Food and Drug Administration Commissioner Scott Gottilieb issued a statement as the agency’s new guidance for public warning and notification of recalls was published in the Federal Register.
In the statement, dated Feb. 7, Gottilieb said the FDA is taking steps to “strengthen and modernize” the recall process and the way the public receives notification.
“Most companies collaborate with the FDA to rapidly initiate voluntary recalls and work with their supply chain partners to remove the product from shelves to prevent further distribution,” the statement said. “And, in general, a recall occurs quickly when the problem is resolved.”
This isn’t always the case, however.

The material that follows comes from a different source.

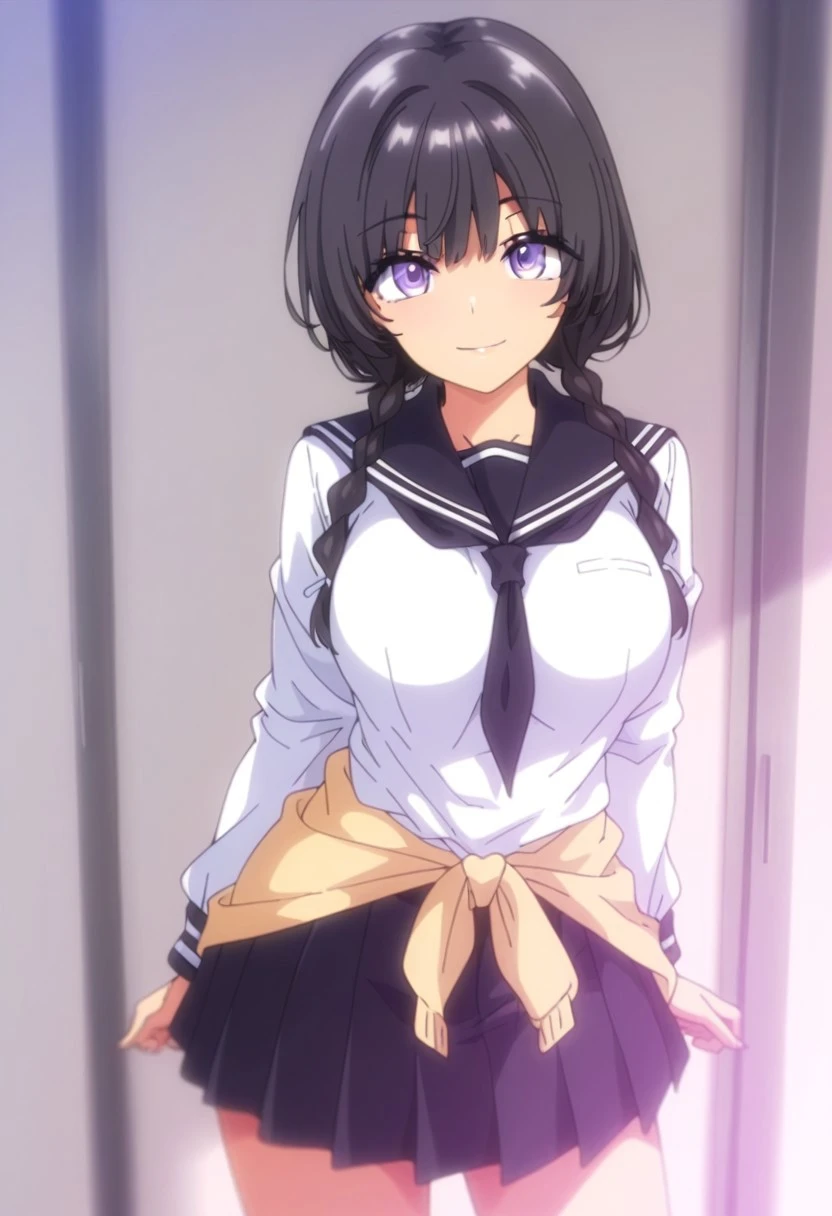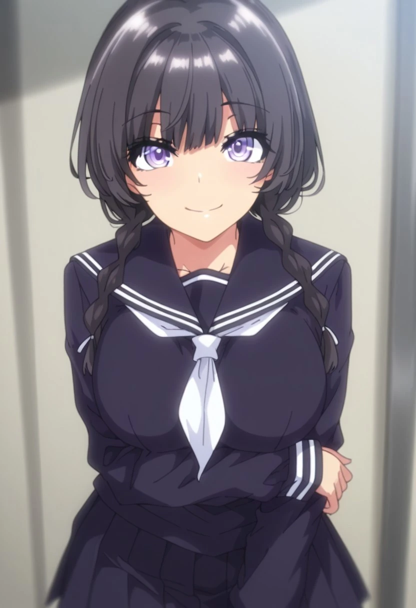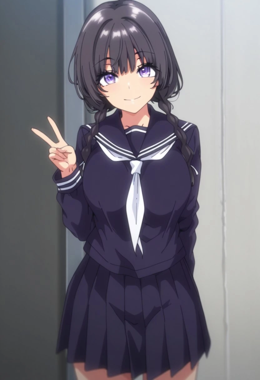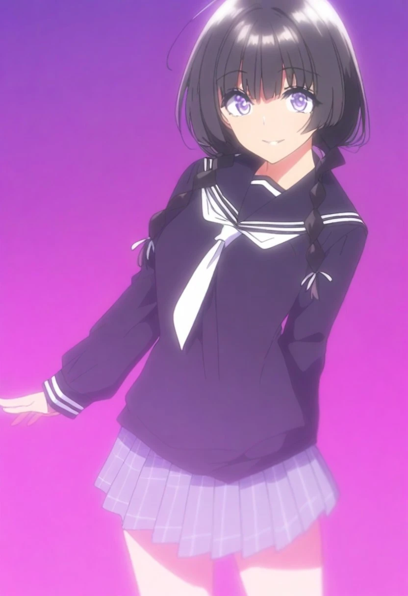 suzune kagami, 1girl, solo, black hair, twin braids, purple eyes, long hair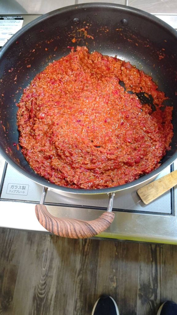 赤はビーツの色。鹿肉が無かったので、牛豚ミンチを使いました。

The FDA says in some cases the FDA “may need to provide safety advice” to the marketplace to protect consumers.
- Under what circumstances firms should issue public warnings;
- Who prepares public warnings;
- What information should be contained in a public warning;
- How public warnings are distributed and displayed; and
- Public notification of recalls.
The FDA also has issued draft guidance that describes when retailers are disclosed in information about recalled food products.
Gottilieb also stressed that while recalls may seem more frequent, the opposite is the case.
“Some may feel like they’re seeing more recalls,” he said, in the statement. “In actuality, for fiscal year 2018, there were a total of 7,420 recalls with 831 that were classified as the highest risk. That figure represents a five-year low in recalls.
However, the reason why recall notices might seem to have increased is that our publicizing of these events has become more prominent. We’re routinely providing more information on recalls and other safety issues that have happened…I believe that it’s critical for consumers to have this information so that they can take an action to protect their own health.”